Assurance of COTS Fiber Optic Cable Assemblies for Space Flight

Melanie Ott

Swales Aerospace

Goddard Space Flight Center

Technology in the field of fiber optics has been mainly driven by the telecommunications industry. In order for the available technology to be useful for space flight applications, certain assurance procedures are necessary. Results from investigating how to choose a COTs cable that can withstand space flight have been published and presented previously as well as the issues, yet unresolved during recent studies. In order to resolve the issues associated with the usage of COTS fiber optic cable assemblies it was necessary to determine what assurance techniques were the most successful at simulating the long term effects of the space flight environment on a cable assembly.

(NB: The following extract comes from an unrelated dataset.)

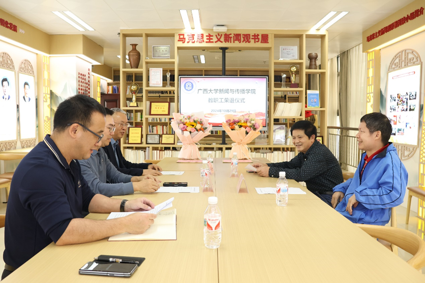 10月29日,伟德国际1949在公司马克思主义新闻观书屋举行了一场隆重而温馨的教职工荣退仪式,以最诚挚的情谊欢送陆斌、覃胜南两位同志光荣退休。本次仪式由公司副经理胡昌文主持,公司党委书记银健、经理王仕勇出席仪式。

The technology validation approach used, is a method of performance assessment and testing that intensifies many known failure mechanisms of fiber optic cable assemblies. In particular, the results of thermal and vibration testing can be very indicative of long term reliability. The shrinkage of materials in a typical cable assembly configuration has presented problems in the past for space flight projects that wished to use available fiber optic cable assemblies in harsh environments. Presented here are results of thermal cycling testing of commercially available fiber optic cable assemblies in order to determine the adequate preconditioning procedure necessary to produce a system ready for space flight.

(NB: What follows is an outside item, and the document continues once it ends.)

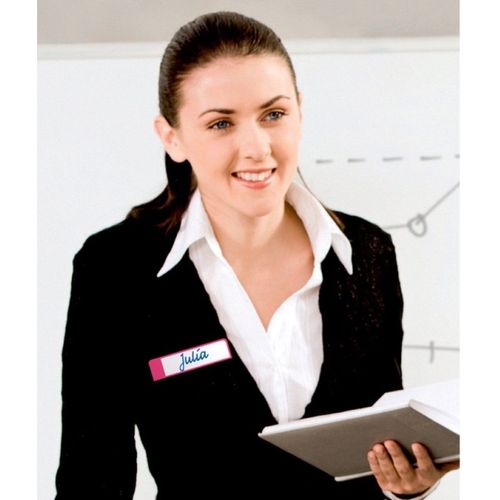 Avery Zweckform 80x Namens-Schilder im Block 25x95mm Weiß Rahmen Pink/Lila

Also presented here is the assurance process by which a ribbon cable and array connector assembly was upgraded and tested for performance under harsh conditions to confirm its ability to withstand the space environment. Technology validation techniques were used to determine the functionality of this connector/cable assembly for space flight. As part of that validation, an evaluation was conducted to determine whether all components of the connector assembly would pass space flight outgassing criteria. A study conducted on the radiation effects of the commercial fiber proposed for this application proved the commercial optical fiber to be adequate for an EO-1 application. As a result of a high vibration environment, a larger core optical fiber (100/140 micron) was chosen to help in performance of the array connector under conditions that were not in the original commercial specification. Using the larger core fiber required the fabrication of connector ferrules of 140 micron outer diameter for the array connector, that were previously not available. Vibration and thermal tests, were conducted to determine if the commercially available 125 micron diameter connector ferrules would meet the requirements of space flight. The results and conclusions from this assurance study and qualification testing of a commercial ribbon connector/cable assembly are presented here.